The reading operation with high reliability as used herein means that the difference between the cell current and the reference cell current or between the cell voltage and the reference voltage is sufficiently large, even though the cell current is varied due to possible deterioration of memory cells, and sense amplifiers can correctly read logical bit values stored in memory cells. In addition, for a two bit separation reading operation, there is a need to pinch off a conductive channel at an area near a drain of a memory cell with a drain voltage of the memory cell being at least more than a saturated voltage. The drain voltage of the memory cell is typically higher than that of a floating gate-typed memory cell. Moreover, there may occur a disturbance of storage data due to a soft program effect of the reading (an effect that data are weakly written into erased cells due to not electron injection at a low electric field in the reading operation).
In addition, the two bit MONOS-typed memory cell has greater power consumption than that of the floating gate-typed memory cell. More specifically, the two bit MONOS-typed memory cell has a problem in that it has great power consumption due to a high drain bias voltage for a cell of an erase state and due to a high leak current and a high drain bias voltage for a cell of a program state.
Next, problems of the above-described virtual ground array to be solved by the present invention will be described below. For the virtual ground array, the reading operation of the cell current is performed by first discharging the entire bit lines (drains and sources) to a ground potential before a memory cell is selected, and then putting the discharged entire bit lines into a high impedance state. A cell current of a desired cell is read by applying a gate bias voltage to a word line, applying a drain voltage (1˜2 V) at the Lime of reading to a drain, and connecting source potential side bit lines to sense amplifiers.
The diffused bit lines at the source side are shared with adjacent cells. Accordingly, the cell current is leaked into the adjacent cells depending on a program state, i.e., impedance, of the adjacent cells in a word line direction of the source side. When the adjacent cells are in an erase state, the cell current is leaked into the adjacent cells, and the sense amplifiers determine that a cell current input thereto is smaller than that of an actual cell current.
Such a phenomenon causes erroneous determination (determining that writing of data into a cell further requiring a program pulse is completed) of a verification operation (measuring a cell current or a threshold value after application of a program pulse, and verifying whether or not further pulses are required) in a cell program operation.
The amount of leak of the cell current into the adjacent cells is affected by the program state of a cell group connected to the word lines of the source side. On this account, distribution of current of programmed cells, being affected by a cell current depending on deviation of physical write characteristics of a memory, a memory array structure and written data, becomes wide.

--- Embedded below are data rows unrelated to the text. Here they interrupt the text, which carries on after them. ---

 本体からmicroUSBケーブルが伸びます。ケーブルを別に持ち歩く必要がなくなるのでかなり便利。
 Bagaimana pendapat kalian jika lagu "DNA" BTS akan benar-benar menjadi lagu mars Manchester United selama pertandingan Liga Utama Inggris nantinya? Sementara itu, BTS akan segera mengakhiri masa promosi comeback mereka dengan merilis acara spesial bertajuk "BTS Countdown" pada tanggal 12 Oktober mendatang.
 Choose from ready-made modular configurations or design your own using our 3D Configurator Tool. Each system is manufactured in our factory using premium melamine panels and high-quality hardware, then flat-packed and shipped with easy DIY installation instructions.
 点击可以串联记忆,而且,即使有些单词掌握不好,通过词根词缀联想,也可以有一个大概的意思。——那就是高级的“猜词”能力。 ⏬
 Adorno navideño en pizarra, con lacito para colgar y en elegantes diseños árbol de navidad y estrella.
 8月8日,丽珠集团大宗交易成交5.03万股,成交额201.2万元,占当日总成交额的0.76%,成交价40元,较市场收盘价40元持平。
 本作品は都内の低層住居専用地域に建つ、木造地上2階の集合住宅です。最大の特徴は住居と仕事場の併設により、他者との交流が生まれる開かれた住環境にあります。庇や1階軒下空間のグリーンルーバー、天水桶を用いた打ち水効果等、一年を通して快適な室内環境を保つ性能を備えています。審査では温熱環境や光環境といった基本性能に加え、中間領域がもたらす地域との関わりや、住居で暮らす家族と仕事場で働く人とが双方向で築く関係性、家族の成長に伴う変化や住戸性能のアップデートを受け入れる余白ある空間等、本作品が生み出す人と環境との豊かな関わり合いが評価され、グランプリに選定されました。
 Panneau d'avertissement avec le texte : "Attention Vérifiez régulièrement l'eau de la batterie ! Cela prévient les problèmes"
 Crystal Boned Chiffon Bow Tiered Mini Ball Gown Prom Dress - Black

Accordingly, since the charge state distribution of the memory cell is wide, a margin of conditions must be considered to guarantee the reliability, and a margin required as a bias condition for reading becomes large, which results in insufficient use of characteristics of the memory cell.
To avoid this, typically, time for writing must be increased, such as reading in advance information of adjacent bits of cells to be programmed, applying further pulses when adjacent bits of the source side are in the erase state, and adjusting a determination level of program verification, thus requiring sacrifice of performance of the memory cells to some degree. An effect that a cell current to be read is varied depending on the program state of the adjacent cells is a problem to be solved for a reading margin and reliability of the virtual ground array.